To solve this problem, let's break it down into steps:
Step 1: Calculate the interest earned from the initial investment.
The interest earned from the initial investment of $5,000 at 3.5% per year can be calculated using the formula for simple interest:
\text{{Interest}} = \text{{Principal}} \times \text{{Rate}} \times \text{{Time}}
where Principal is the initial investment, Rate is the interest rate, and Time is the number of years.
\text{{Interest}} = \$5,000 \times 0.035 \times 1
\text{{Interest}} = \$175
Step 2: Determine the total amount that needs to be invested.
Since we want the interest earned each year to be 4% of the total amount invested, we can set up the following equation:
0.04 \times \text{{Total Amount}} = \$175
Divide both sides of the equation by 0.04 to solve for the total amount:
\text{{Total Amount}} = \frac{{\$175}}{{0.04}}
\text{{Total Amount}} = \$4375
Step 3: Calculate the additional amount that needs to be invested.

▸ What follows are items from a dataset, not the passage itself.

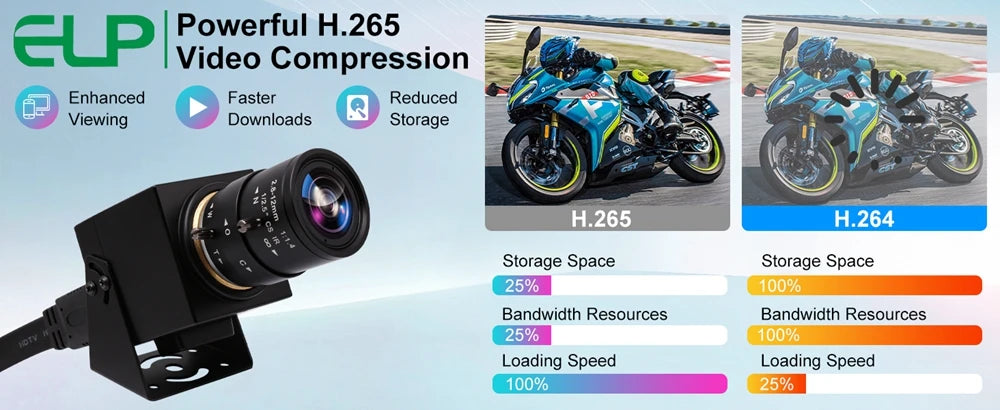 -- Besides the standard H.264/ MJPEG/ YUY2 compress format, powerfull H.264 also support .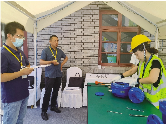 竞赛分为实操考核和理论考试两部分。实操考核内容包括供水管网漏水探测及地理信息数据测量,供水阀门拆、装,供水管网及附属设施的加工与安装等三个模块。理论考试主要考查管网系统的设计、安装、运行、维护、修理等方面的知识和经验。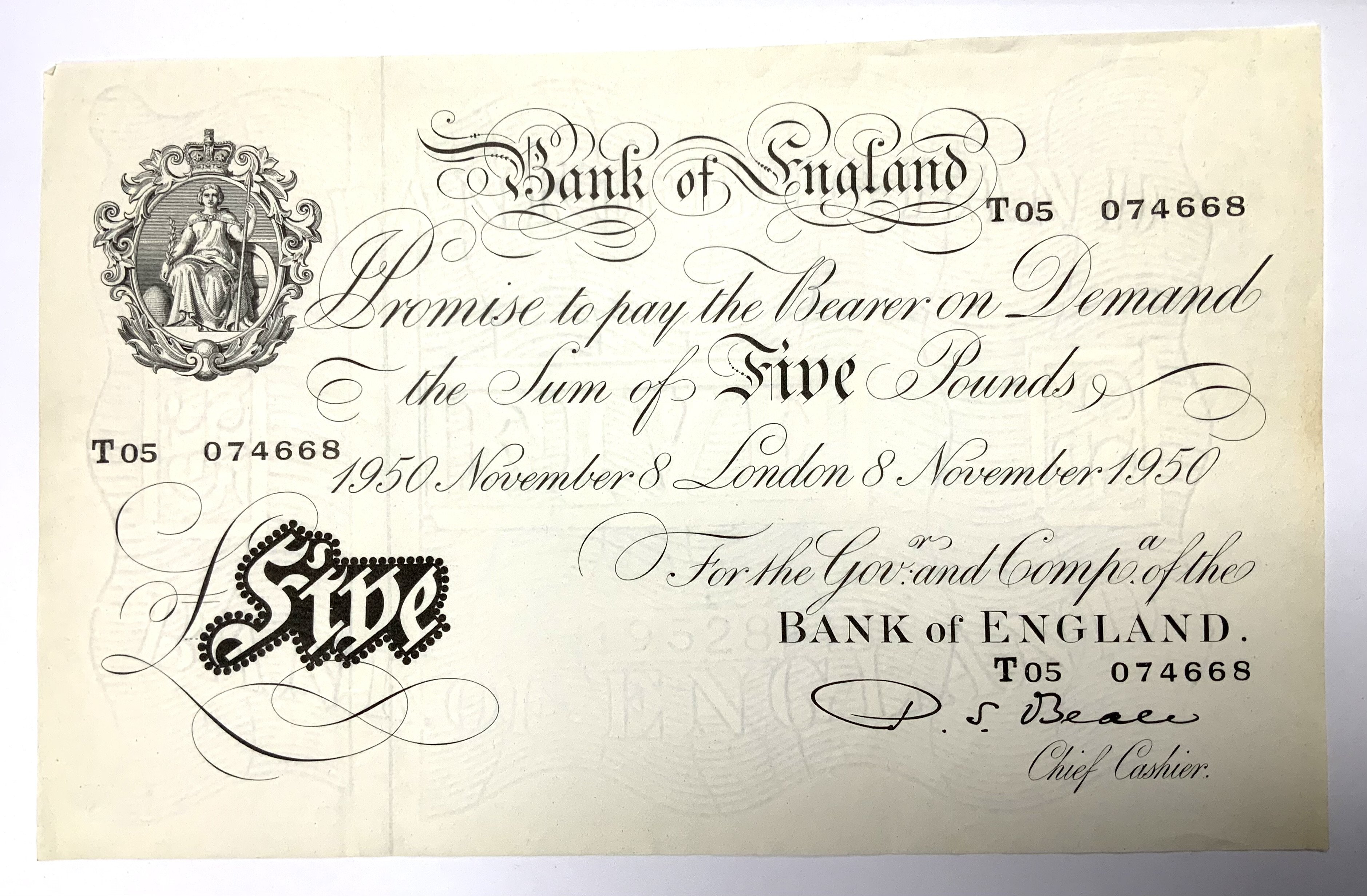 Bank of England (T05 074668) Beale, White 5 banknote, 8th November 1950, corner folding, UNC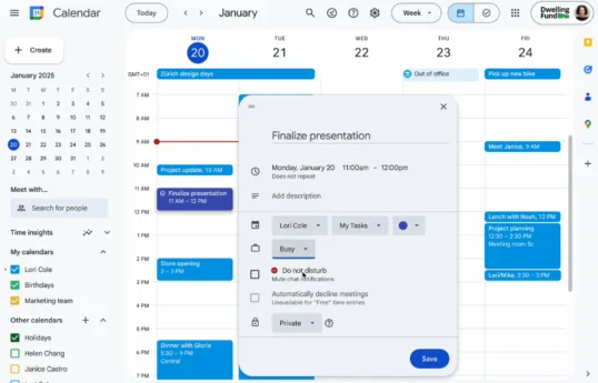 Agora, os usuários podem bloquear facilmente horários em seus calendários para trabalhar em tarefas específicas. No seu calendário, selecione um horário vazio > clique em “Tarefa”. A partir daí, você pode adicionar a tarefa e a descrição relevantes, além de personalizar detalhes como visibilidade e configurações de “Não perturbe”. Agora você pode trabalhar em uma tarefa específica sem interrupções. Você também verá a tarefa na sua lista de tarefas e receberá lembretes até que ela seja concluída.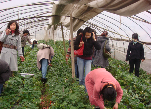 材料学院和理学院联合组织女职工到元成村草莓基地摘草莓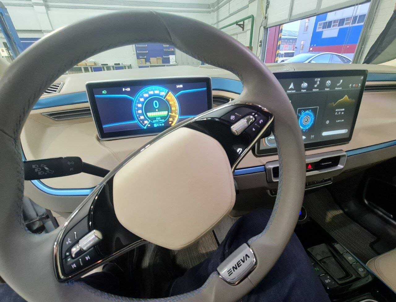 В салоне передняя панель оснащена двумя дисплеями и мультирулем, а надстройка центрального тоннеля оформлена предельно лаконично и несет на себе лишь небольшой блок кнопок. При этом официально подтверждено, что авторы проекта электромобиля E-Neva уже получили патенты на семь промышленных образцов узловых элементов экстерьера и интерьера, т. е. получили защиту интеллектуальных прав на конструкцию центральной консоли, приборной панели, мультифункционального рулевого колеса, оптики, сидений, а также на дизайн и отделку дверных карт.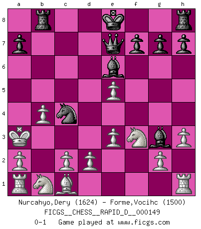 Last move : 0-1 2023 July 30 2:14:0 [Event "FICGS__CHESS__RAPID_D__000149"] [Site "FICGS"] [Date "2023.06.15"] [Round "1"] [White "Nurcahyo,Dery"] [Black "Forme,Vocihc"] [Result "0-1"] [WhiteElo "1624"] [BlackElo "1500"] 1.f4 d5 2.e3 Nf6 3.h3 e5 4.fxe5 Ne4 5.Nf3 Be7 6.Rg1 Bh4+ 7.Ke2 Ng3+ 8.Kd3 Bf5+ 9.Kc3 Ne4+ 10.Kb3 Bf2 11.Rh1 Bg3 12.Qe2 c5 13.Qb5+ Bd7 14.Qxb7 c4+ 15.Bxc4 dxc4+ 16.Kxc4 Be6+ 17.Kb4 Na6+ 18.Qxa6 Rb8+ 19.Ka3 Qe7+ 20.Qd6 Nxd6 21.b4 Nc4+ 0-1 Follow this game move after move (download)It is peculiar but a fact nevertheless, that gamblers in chess always have enthusiastic followers. (Botvinnik) Es ist nicht das erste mal, dass sich die FIDE dem Arabischen Geld gebeugt hat (über die FIDE WM 2004 in Lybien). (Larry Evans) Las ideas audaces son como las piezas del Ajedrez que avanzan hacia adelante. Ellas pueden ser vencidas, pero también pueden iniciar una partida victoriosa. (Goethe) RxDa4 pat (...) The only thing that matters is the evidence. (Horatio Caine, C.S.I. Miami)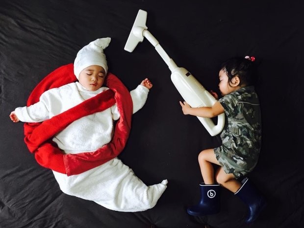 Аюми Омори (Ayumi Omori) из Японии переодевает и перекладывает спящих близнецов таким образом, чтобы они показывали определенную тематическую сценку и в результате получаются смешные композиции.
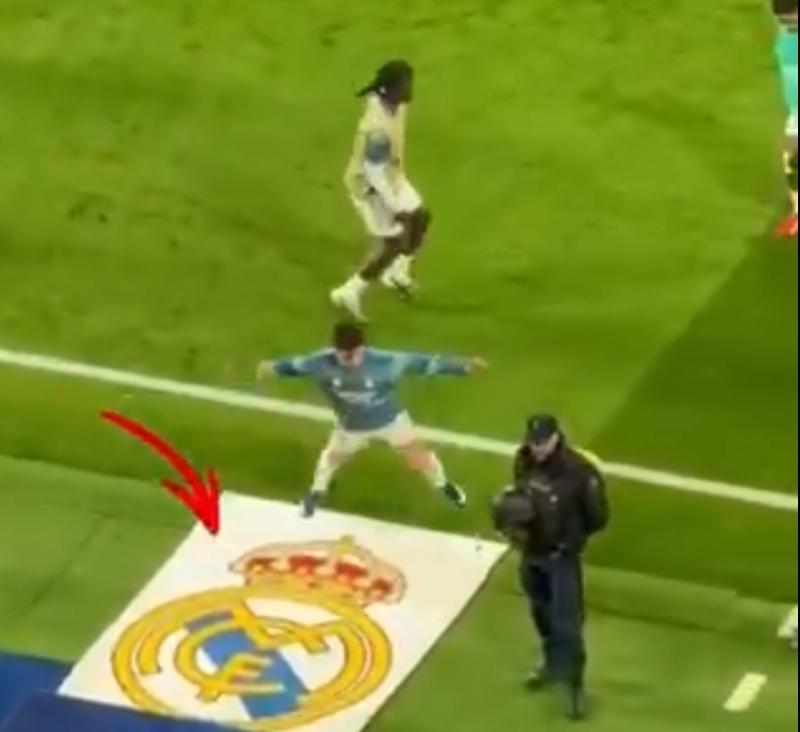 Isınma hareketleri sırasında taç çizgisi kenarına uzaklaşan topu son anda kontrol eden Arda Güler'in, saha kenarındaki Real Madrid armasına basmamak için sarf ettiği çaba bir taraftar kamerasına yansıdı.

Since we already have an initial investment of $5,000, we need to calculate the additional amount that needs to be invested to reach a total amount of $4,375.
\text{{Additional Amount}} = \text{{Total Amount}} - \text{{Initial Investment}}
\text{{Additional Amount}} = \$4375 - \$5000
\text{{Additional Amount}} = -\$625
Answer: To ensure that the interest each year is 4% of the total amount invested, an additional amount of $625 must be invested at a simple interest rate of 5% per year.